ASIA: an Autonomous System Identification Agent
For practitioners in system identification, ASIA reduces the need for expert trial-and-error, but the approach is incremental and has limitations like test leakage and reproducibility issues.
ASIA automates system identification by using a large language model as an autonomous coding agent to select model class, algorithm, and hyperparameters, achieving competitive performance on two benchmarks without human intervention.

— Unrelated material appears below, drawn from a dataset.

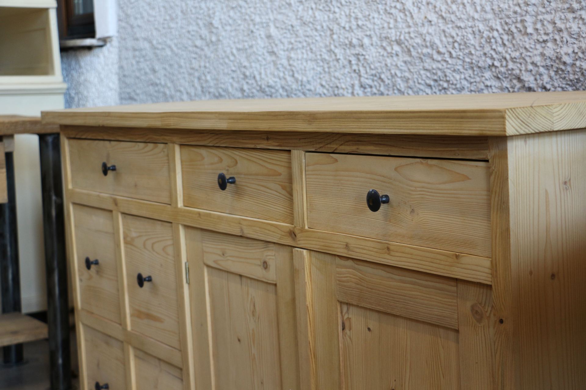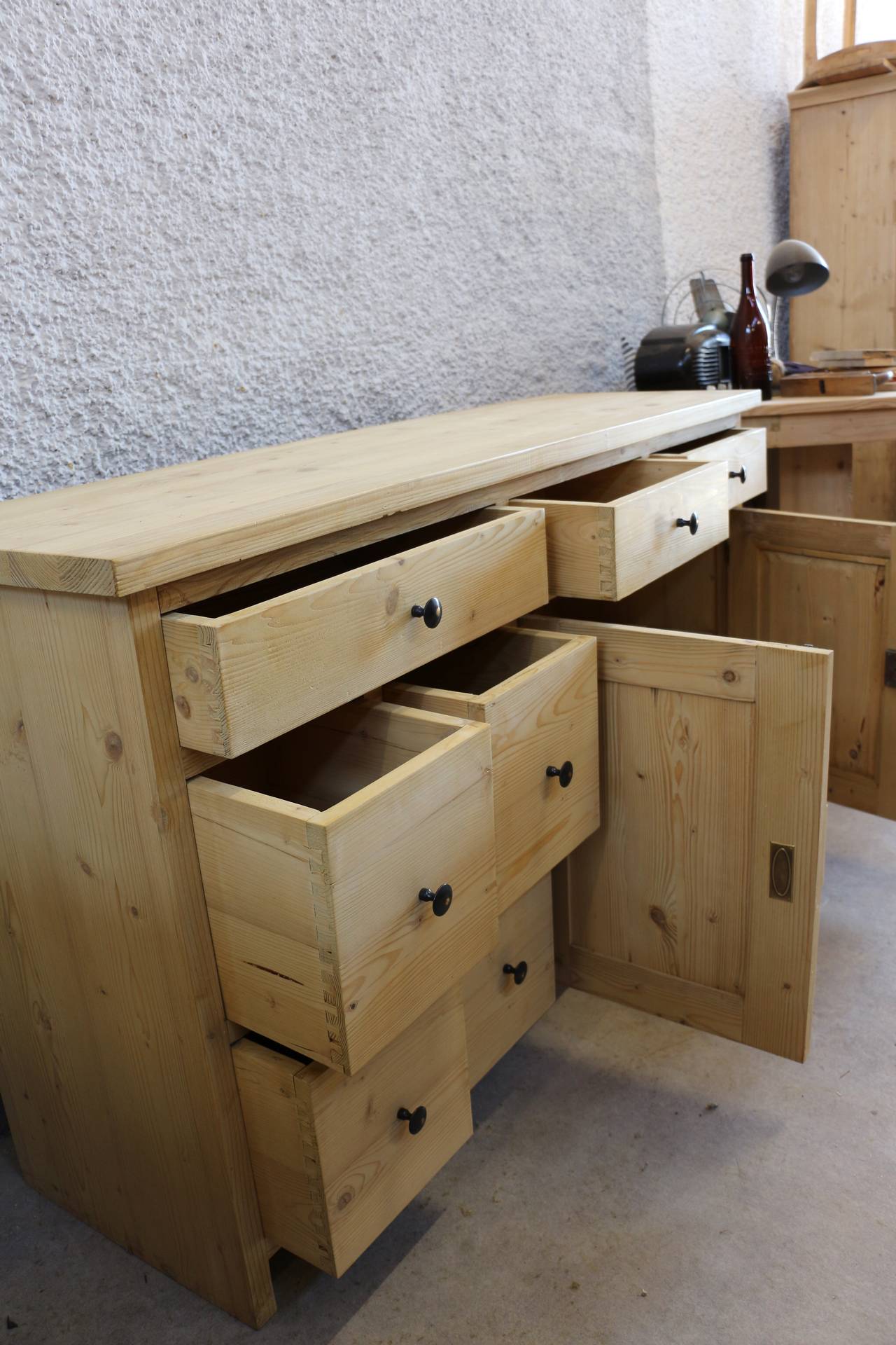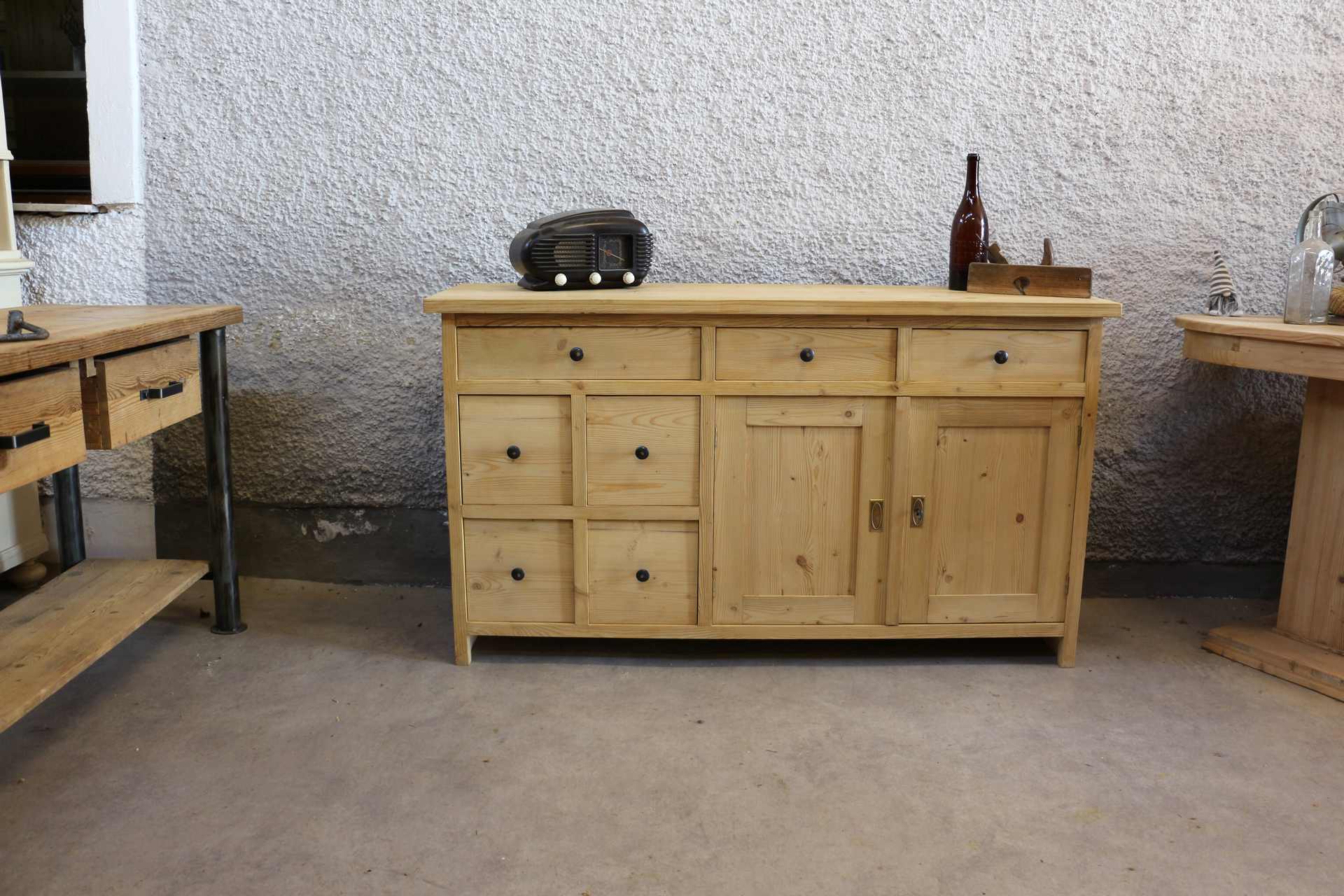 It features practical drawers and cupboard doors, offering ample storage space for crockery, linens, or household items. The drawers are traditionally dovetail-jointed, guaranteeing strength and long-term reliability.

Over the years, research in system identification has provided a rich set of methods for learning dynamical models, together with well-established theoretical guarantees. In practice, however, the choice of model class, training algorithm, and hyperparameter tuning is still largely left to empirical trial-and-error, requiring substantial expert time and domain experience. Motivated by recent advances in agentic artificial intelligence, we present ASIA, a framework that delegates this iterative search to a large language model acting as an autonomous coding agent. Building on existing agentic platforms, ASIA closes the loop between hypothesis, implementation, and evaluation without human intervention, requiring only a plain-English description of the identification problem. We conduct an empirical study of ASIA on two system identification benchmarks and analyse the agent's search behaviour, the architectures and training strategies it discovers, and the quality of the resulting models. We also discuss the potential of the approach and its current limitations, including implicit test leakage, reduced methodological transparency, and reproducibility concerns.